An Enlightenment wedding gift
[MONTESQUIEU, Charles Secondat, Baron de]. IL TEMPIO DI GNIDO del signor di Montesquieu trasportato in versi Italiani per occasione delle solenni nozze di S.E. il signor co. Alessandro Barziza con S.E. la signora Andriana Berlendis. In Padova: nella stamperia Penada, MDCCLXXI [1771]. £685
FIRST EDITION OF THIS TRANSLATION. 4to, pp. viii, 75, [1] blank; engraved arms on title, head- and tailpieces, and initials; some light marginal staining and spotting in places, but otherwise clean and crisp; ownership inscription “Desmaisons 1840” on front free endpaper; in contemporary stiff vellum, boards with decorative gilt borders, spine gilt; gilt endpapers; some wear to extemities and staining to boards (especially lower board).
Sole edition of this very rare Italian verse translation of Le Temple de Gnide, produced and printed to commemorate the marriage of Conte Alessandro Barziza and Andriana Berlendis in 1771.
The anonymous translator, in his preface, articulates why Le Temple de Gnide is so appropriate for a wedding between illustrious people (’sarà mai sempre letta con piacere e diletto da chiunque abbia la minima sensibilità di animo, e dilicatezza di sentimento, ed il minimo genio per la Poesia, non che da chiunque si trovi in quella situazione di cuore, in cui trovar debbonsi presentamenti codesti Eccellentissimi Sposi...’).
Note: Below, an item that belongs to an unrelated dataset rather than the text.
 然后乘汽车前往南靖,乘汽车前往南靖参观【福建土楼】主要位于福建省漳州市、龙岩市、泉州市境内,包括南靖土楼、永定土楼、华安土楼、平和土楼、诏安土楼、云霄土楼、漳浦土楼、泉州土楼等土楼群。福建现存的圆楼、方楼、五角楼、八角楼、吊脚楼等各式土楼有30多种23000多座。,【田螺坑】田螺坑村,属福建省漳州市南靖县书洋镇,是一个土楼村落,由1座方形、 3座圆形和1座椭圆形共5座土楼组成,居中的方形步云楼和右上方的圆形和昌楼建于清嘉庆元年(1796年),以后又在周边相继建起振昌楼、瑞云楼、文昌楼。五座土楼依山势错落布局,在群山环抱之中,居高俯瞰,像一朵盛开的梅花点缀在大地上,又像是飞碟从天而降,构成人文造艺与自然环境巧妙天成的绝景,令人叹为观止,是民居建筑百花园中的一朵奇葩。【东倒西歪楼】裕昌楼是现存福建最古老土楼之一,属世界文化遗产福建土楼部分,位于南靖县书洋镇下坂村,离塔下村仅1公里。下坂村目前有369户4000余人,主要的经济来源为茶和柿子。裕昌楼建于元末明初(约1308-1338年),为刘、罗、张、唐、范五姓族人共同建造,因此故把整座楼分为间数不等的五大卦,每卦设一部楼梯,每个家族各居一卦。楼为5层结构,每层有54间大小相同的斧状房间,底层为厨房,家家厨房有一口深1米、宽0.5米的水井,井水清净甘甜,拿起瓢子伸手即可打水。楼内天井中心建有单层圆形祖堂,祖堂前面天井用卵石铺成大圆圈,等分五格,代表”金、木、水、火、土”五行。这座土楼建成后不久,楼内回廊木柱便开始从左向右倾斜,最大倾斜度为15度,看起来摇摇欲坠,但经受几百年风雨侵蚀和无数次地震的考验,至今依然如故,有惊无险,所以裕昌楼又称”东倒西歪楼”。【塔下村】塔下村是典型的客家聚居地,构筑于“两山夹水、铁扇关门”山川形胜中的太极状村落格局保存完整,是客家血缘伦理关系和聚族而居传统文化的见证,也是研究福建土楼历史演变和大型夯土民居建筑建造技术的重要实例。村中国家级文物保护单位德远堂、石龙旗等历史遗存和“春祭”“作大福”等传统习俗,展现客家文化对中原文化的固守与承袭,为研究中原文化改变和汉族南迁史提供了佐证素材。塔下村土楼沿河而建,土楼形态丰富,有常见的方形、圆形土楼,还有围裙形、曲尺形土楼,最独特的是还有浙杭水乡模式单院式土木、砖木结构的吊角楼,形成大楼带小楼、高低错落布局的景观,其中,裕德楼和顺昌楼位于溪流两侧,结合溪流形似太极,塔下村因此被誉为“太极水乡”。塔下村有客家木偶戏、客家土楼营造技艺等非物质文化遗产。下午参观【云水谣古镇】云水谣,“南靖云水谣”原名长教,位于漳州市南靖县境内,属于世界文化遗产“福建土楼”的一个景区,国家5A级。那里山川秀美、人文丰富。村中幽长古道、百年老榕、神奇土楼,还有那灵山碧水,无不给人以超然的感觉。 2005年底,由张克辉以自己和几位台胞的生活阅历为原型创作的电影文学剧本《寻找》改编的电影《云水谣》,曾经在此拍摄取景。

Others also acted on this, with Clemente Filomarino, for instance, translating parts of Montesquieu’s work for weddings in Rome in 1778 and Ferrara in 1782. As far as the translation itself, goes, the translator has opted to adapt the original French prose into Italian verse, although ‘whatever new ornament I was providing for this work, I have never allowed myself to go beyond the limits of fidelity and precision necessary in a translator’.
This is one of at least four publications celebrating the Barziza/Berlindis union cited by Pinto, with others printed in Venice and Brescia, reflecting the status of the Barziza family, merchants long established in Venice but of Bergamo origin.
Pinto, Nuptialia 1505; not in OCLC or SBN.